Now, I wanted to change the encryption algorithm from SHA-1 to RSA SHA-256. So I extended the SAMLBootstrap class as shown here:
public final class CustomSAMLBootstrap extends SAMLBootstrap {
@Override
public void postProcessBeanFactory(ConfigurableListableBeanFactory beanFactory) throws BeansException {
super.postProcessBeanFactory(beanFactory);
BasicSecurityConfiguration config = (BasicSecurityConfiguration) Configuration.getGlobalSecurityConfiguration();
config.registerSignatureAlgorithmURI("RSA", SignatureConstants.ALGO_ID_SIGNATURE_RSA_SHA256);
config.setSignatureReferenceDigestMethod(SignatureConstants.ALGO_ID_DIGEST_SHA256);
}
Also here is the extended metadata configuration
<!-- Extended metadata properties -->
<bean id="extendedMetadataSP" class="org.springframework.security.saml.metadata.ExtendedMetadata">
<property name="local" value="true"/>
<property name="securityProfile" value="metaiop"/>
<property name="sslSecurityProfile" value="pkix"/>
<property name="signingKey" value="apollo"/>
<property name="encryptionKey" value="apollo"/>
<property name="signMetadata" value="true" />
<property name="signingAlgorithm" value="http://www.w3.org/2001/04/xmldsig-more#rsa-sha256" />
<property name="idpDiscoveryEnabled" value="true"/>
<property name="idpDiscoveryURL" value="${entityBaseURL}/saml/discovery"/>
<property name="idpDiscoveryResponseURL" value="${entityBaseURL}/saml/login?disco=true"/>
</bean>
So I regenerated the metadata via the org.springframework.security.saml.metadata.MetadataGenerator bean and tried to re-upload the newly generated SP xml.
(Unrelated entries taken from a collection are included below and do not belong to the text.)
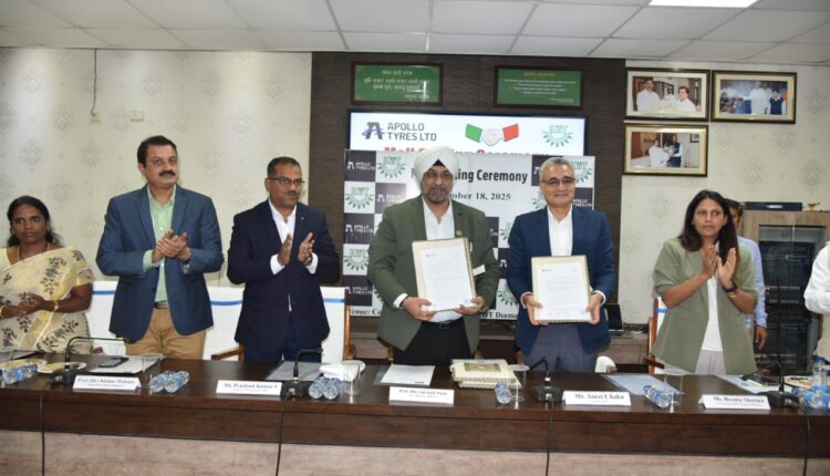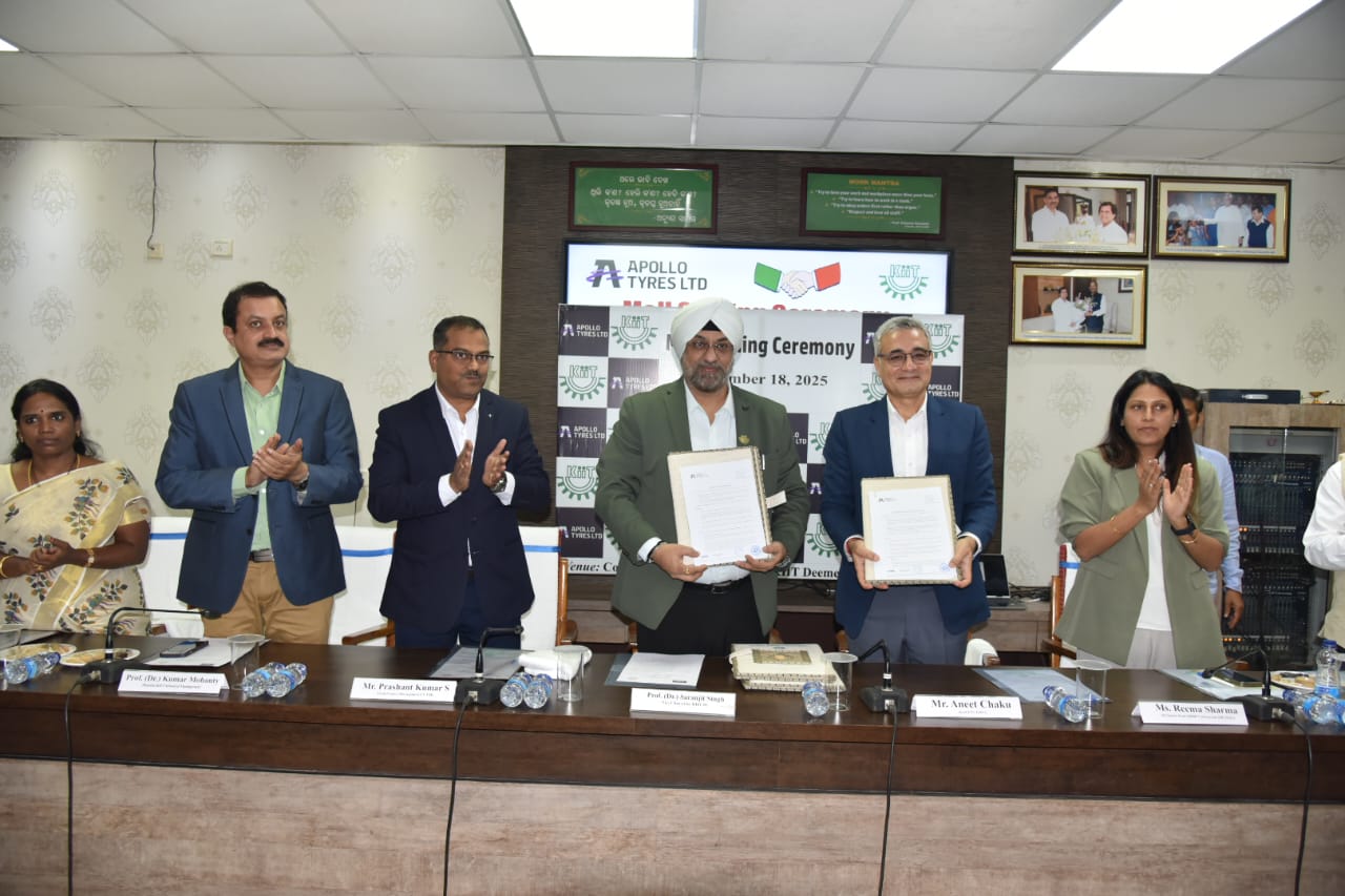ଭୁବନେଶ୍ୱର : ଭାରତୀୟ ଅଟୋମୋଟିଭ ଓ ଶିକ୍ଷା କ୍ଷେତ୍ର ପାଇଁ ଏକ ଅଗ୍ରଗାମୀ ପଦକ୍ଷେପରେ ଆପୋଲୋ ଟାୟାର୍ସ ଲିମିଟେଡ ଓ କଳିଙ୍ଗ ଇନ୍ଷ୍ଟିଚ୍ୟୁଟ ଅଫ୍ ଇଣ୍ଡଷ୍ଟ୍ରିଆଲ ଟେକ୍ନୋଲୋଜି (କିଟ୍), ଭୁବନେଶ୍ୱର ପକ୍ଷରୁ ଆଜି ଇଞ୍ଜିନିୟରିଂ ଛାତ୍ରଛାତ୍ରୀଙ୍କ ପାଇଁ ଟାୟାର ଟେକ୍ନୋଲୋଜି ଉପରେ ଏକ ସ୍ୱତନ୍ତ୍ର ଇଲେକ୍ଟିଭ / ମଡ୍ୟୁଲର ଶୁଭାରମ୍ଭ କରିବା ପାଇଁ ଏକ ପ୍ରଥମ ଧରଣର ରଣନୈତିକ ସହଭାଗିତା ଘୋଷଣା କରାଯାଇଛି।
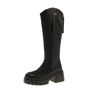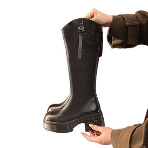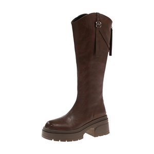 美拉德棕色V口长筒靴女高跟骑士靴复古瘦瘦靴高筒骑士靴粗跟靴子
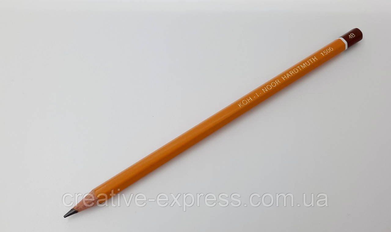 Легендарна серія 1500 олівців KOH-I-NOOR пізнавана у всьму світі по жовтому забарвленню. Корпус виготовляється з якісної деревини покритої лаком з міцним грифелем всередині. Серія олівців KOH-I-NOOR 1500 включає олівці різної твердості від самих м’яких 8B до самих твердих 10H для професійних художніх, креслярських і графічних робіт.Твердість – 4В
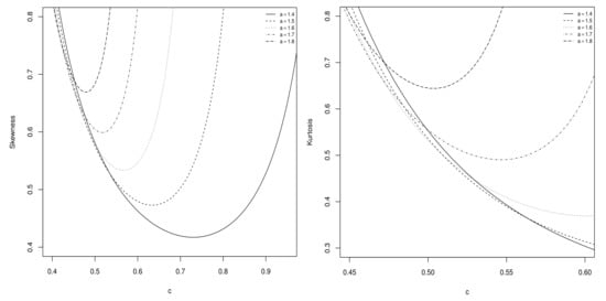 respectively. The plots of these two kinds of curve in the case of the Sec-Kum-W distribution are given in Figure 3 for , , and , and selected values for a.
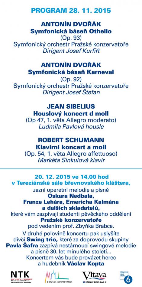 Zveme Vás na koncert symfonického orchestru Pražské konzervatoře, který se koná pod záštitou zástupce starosty MČ Praha 6 Jana Laciny v rámci cyklu Z hvězdiček rostou hvězdy v prostorách Národní technické knihovny, Technická 6, Praha 6.
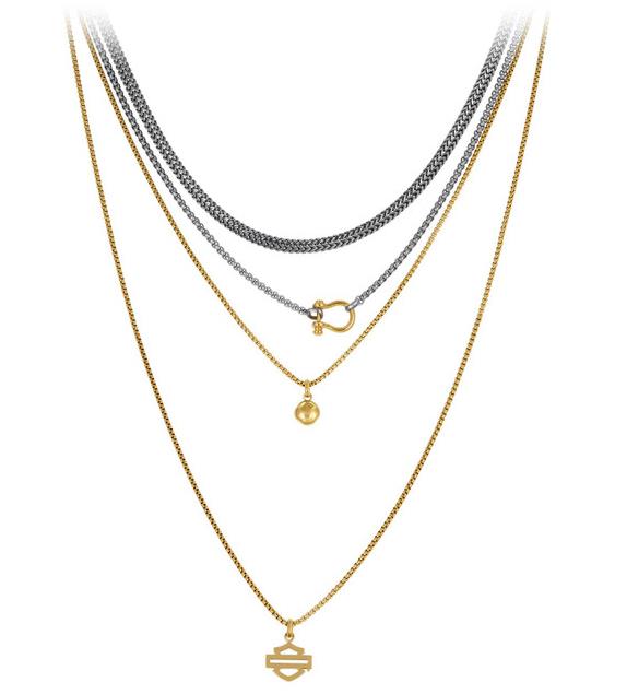 Harley-Davidson® Women's Multi-Layers Two Tone Dangle Necklace Pack - Silver/Gold, HDN0506. A variety of stunning chain links create a gorgeous and eye-catching layered design. Includes an iconic Bar & Shield logo charm. Constructed from high-quality, Stainless Steel with silver and gold finishes. It will not rust, tarnish or fade. Adjustable 16" chain with a secure lobster clasp closure. Mod Jewelry is hand crafted with the highest attention to detail and quality, utilizing the finest materials. This stunning necklace is the perfect accessory for any occasion. HDN0506
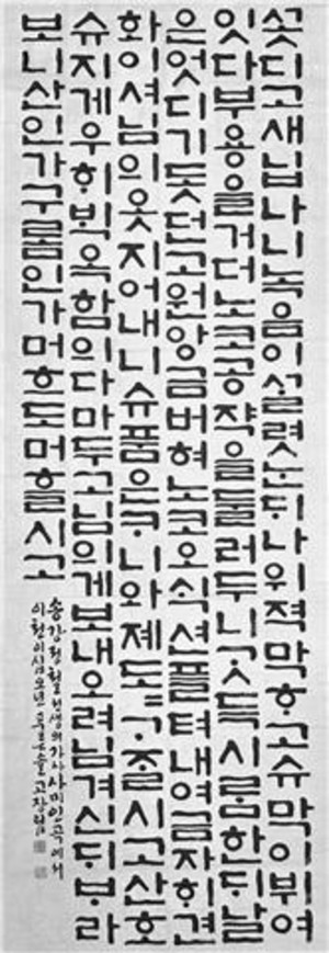 ㈔제주도한글서예사랑모임이 추석 연휴기간 한글 서예의 아름다움을 만끽하는 자리를 만든다.㈔제주도한글서예사랑모임은 다음달 4일부터 9일까지 제주도 문예회관에서 '제24회 한글문화큰잔치'를 개최한다.이번 행사는 훈민정음 반포 579돌이 되는 한글날을 맞아 'ᄒᆞᆫ디 손심엉 한글문화 올림픽'의 일환으로, 세계로 퍼져 나가는 한글문화의 융성과 제주어의 보전을 위해 마련됐다.우선 '전국 한글서예 초대작가 작품전'을 통해 제주와 전국, 해외의 한글서예 작가 79명이 작품을 선보인다.'전국 한글서예 수상 작품전'에서는 바른글씨, 곧은글씨, 나름글
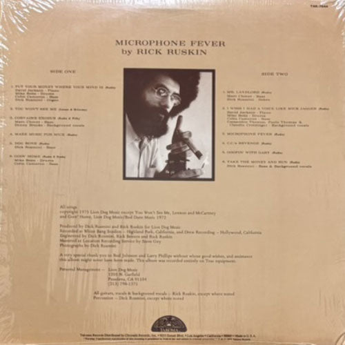 デトロイト生まれのシンガーソングライターRICK RUSKINが、JOHN FAHEYのレーベル「TAKOMA」からリリースした2NDアルバム。味わい深いアコースティック・ソングが並ぶ名作!ファンキーな“PUT YOUR MONEY WHERE YOUR MIND IS”のイントロにドラムブレイク!
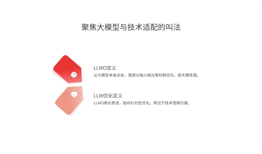 - LLMO(Large Language Model Optimization):从大模型本身出发,强调针对大型语言模型的输入输出机制进行优化,不仅关注内容呈现,还涉及对模型训练素材、响应逻辑的适配,技术属性更强。
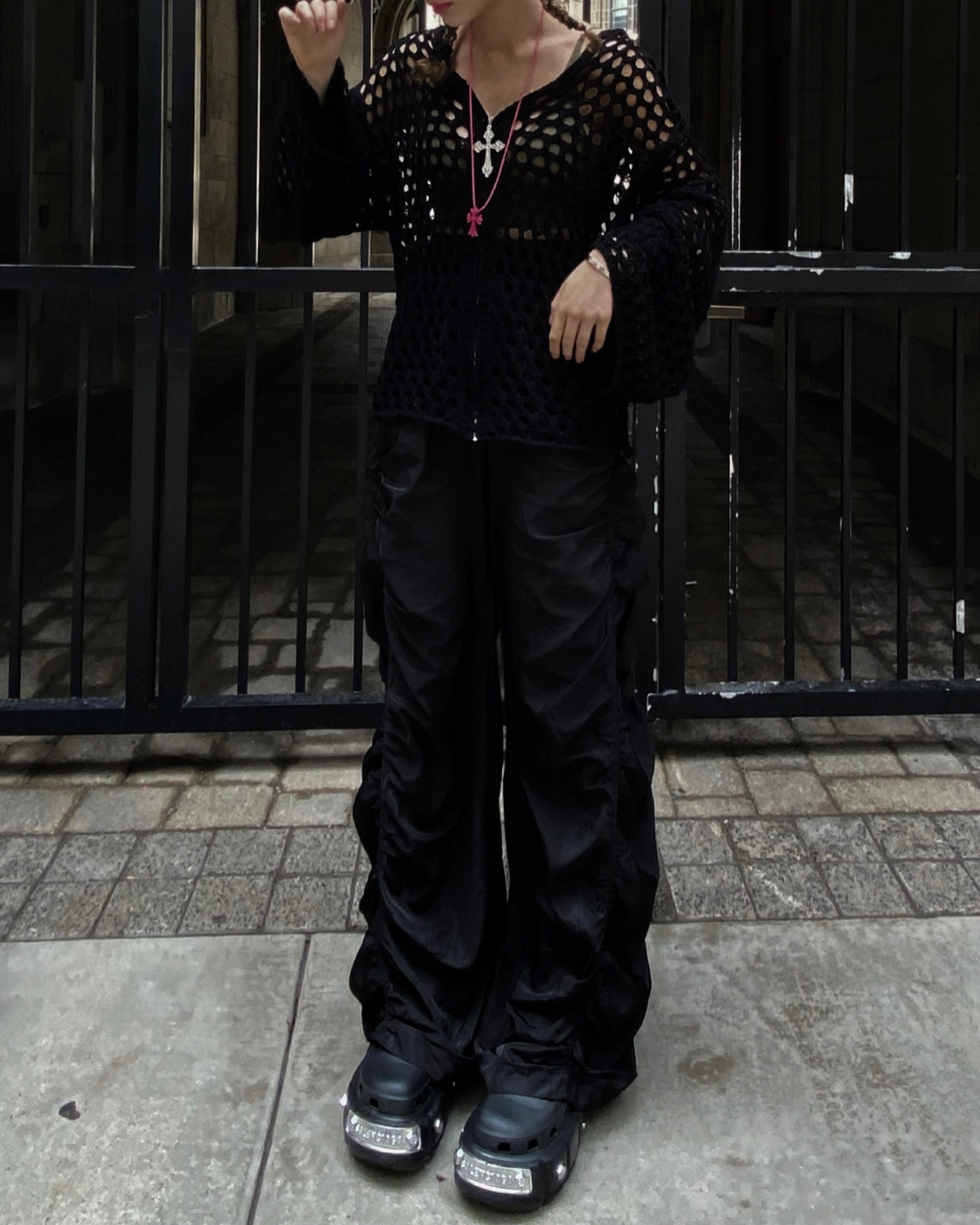 ENCRYPTED CROCHET ZIP-UP (ASH)
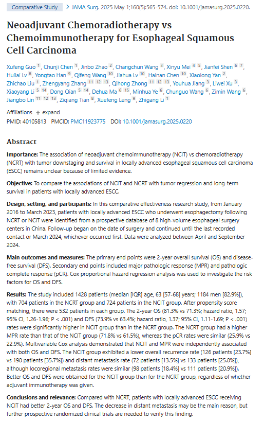 方法:2016~2023年、中国の8施設でNCRTまたはNCIT後に食道切除を受けた進行ESCC患者1,428例を前向きデータベースから抽出、傾向スコアマッチング後に2年生存および無病生存を比較。

Although SSOCircle will fail with 007 error code.
At this point I am not sure if there is an additional step to complete for me in order to use sha256 on SSOCircle?
Can someone please help?
EDIT:
The problem I am having when uploading the metadata to SSOCircle I believe it has to do with the EntityDescriptor section where the signature algorith is specified as SHA256 as below:
<?xml version="1.0"?>
<ds:Signature xmlns:ds="http://www.w3.org/2000/09/xmldsig#">
<ds:SignedInfo>
<ds:CanonicalizationMethod Algorithm="http://www.w3.org/2001/10/xml-exc-c14n#"/>
<ds:SignatureMethod Algorithm="http://www.w3.org/2001/04/xmldsig-more#rsa-sha256"/>
<ds:Reference URI="#urn_com_apakgroup_bristol">
<ds:Transforms>
<ds:Transform Algorithm="http://www.w3.org/2000/09/xmldsig#enveloped-signature"/>
<ds:Transform Algorithm="http://www.w3.org/2001/10/xml-exc-c14n#"/>
</ds:Transforms>
<ds:DigestMethod Algorithm="http://www.w3.org/2001/04/xmlenc#sha256"/>
<ds:DigestValue>mAT5iN6IWyTCQiPplFmOq4vu8SUzCBfpAC4XBOu2+eM=</ds:DigestValue>
</ds:Reference>
</ds:SignedInfo>
<ds:SignatureValue>i6hH............bA==</ds:SignatureValue>
<ds:KeyInfo>
<ds:X509Data>
<ds:X509Certificate>MIIDZTCCA............eVdvh</ds:X509Certificate>
</ds:X509Data>
</ds:KeyInfo>
</ds:Signature>
Changed signMetadata to false, unfortunately it does not make a difference.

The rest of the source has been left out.